Vax pass 'pressure campaign' unacceptable, says head of Canadian Chamber of Commerce

Can't afford a lockdown

Despite some blowback to B.C.’s COVID-19 vaccine card, the spread of such programs is a must if Canada’s economy is to stay afloat, according to the head of one of the country’s largest business organizations.

“The impact of going back into lockdown again would be simply devastating for so many businesses, for families and for others,” Perrin Beatty, president and CEO of Canadian Chamber of Commerce, said Friday during a virtual panel hosted by the Surrey Board of Trade.

B.C.’s own vaccine card rolled out last week, requiring patrons at everything from restaurants to ticketed sports games to show proof of their own vaccination status to be granted entrance.

The certification is not required for some locations, such as retailers, fast-food restaurants or facilities offering public health services.

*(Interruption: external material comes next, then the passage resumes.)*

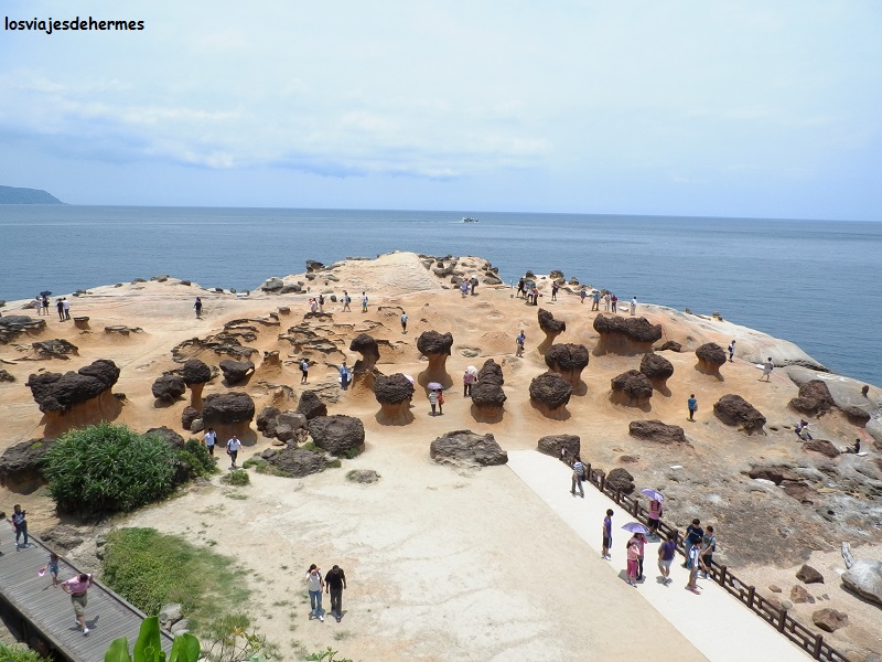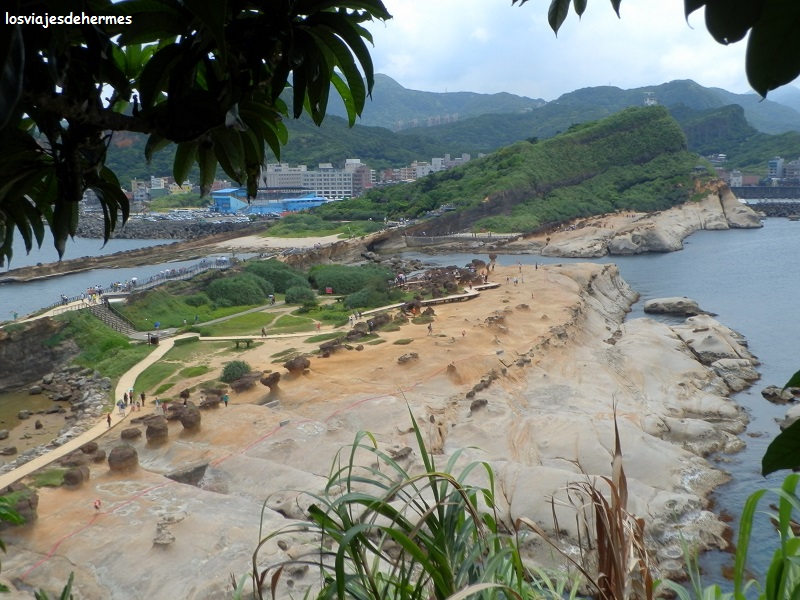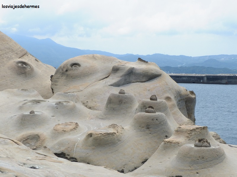 Esta curiosidad natural está en una lengua de tierra alargada de algo menos de 2 kms de longitud, donde tanto el agua como el viento han ido moldeando las rocas durante millones de años, permitiendo que la imaginación de los lugareños se dispare buscando todo tipo de similitudes, cosa habitual en cuevas y formaciones rocosas por otra parte. Y así es como pudimos disfrutar de las velas, los champiñones, el jengibre o el pájaro entre otros, y a decir verdad muchas de ellas sí que guardaban parecido con la realidad. Además, se pueden observar fósiles si se presta atención, como desde luego intentamos y conseguimos en un día muy caluroso, pero agradable gracias a la brisa marina. Paseamos y recorrimos el parque al completo, regresando en el mismo bus, que pasa cada 10-15 minutos a Keelung, donde comimos en una hamburguesería por 280 TWD=8,06 € los dos y dando un breve paseo por los alrededores del puerto de una ciudad que no es especialmente interesante.

This initiative comes amid surging cases of COVID-19 that have mainly targeted the unvaccinated.

But Beatty noted a “pressure campaign” has already been directed against hospitals, frontline workers and medical patients this month, with protests drawing thousands to locations such as Vancouver General Hospital.

He said that campaign is now ramping up and targeting businesses since Monday’s deployment of the B.C. vaccine card.

“It’s simply unacceptable in a society like ours,” Beatty said. “The authorities have to make sure that they provide the assistance to business across the country to be able to function within the law.”

But B.C. officials are urging businesses not to call police as the first resort in the event patrons choose not to show proof of vaccination.

Instead, the province is hoping individuals will be dissuaded by a fine of up to $575, which could be issued by cannabis inspectors, health inspectors, community safety units, gaming investigators and bylaw officers.

“Enforcement will be difficult,” lawyer Jordan Thompson, a senior associate specializing in labour, employment and human rights at Fasken Martineau DuMoulin LLP, said during the panel.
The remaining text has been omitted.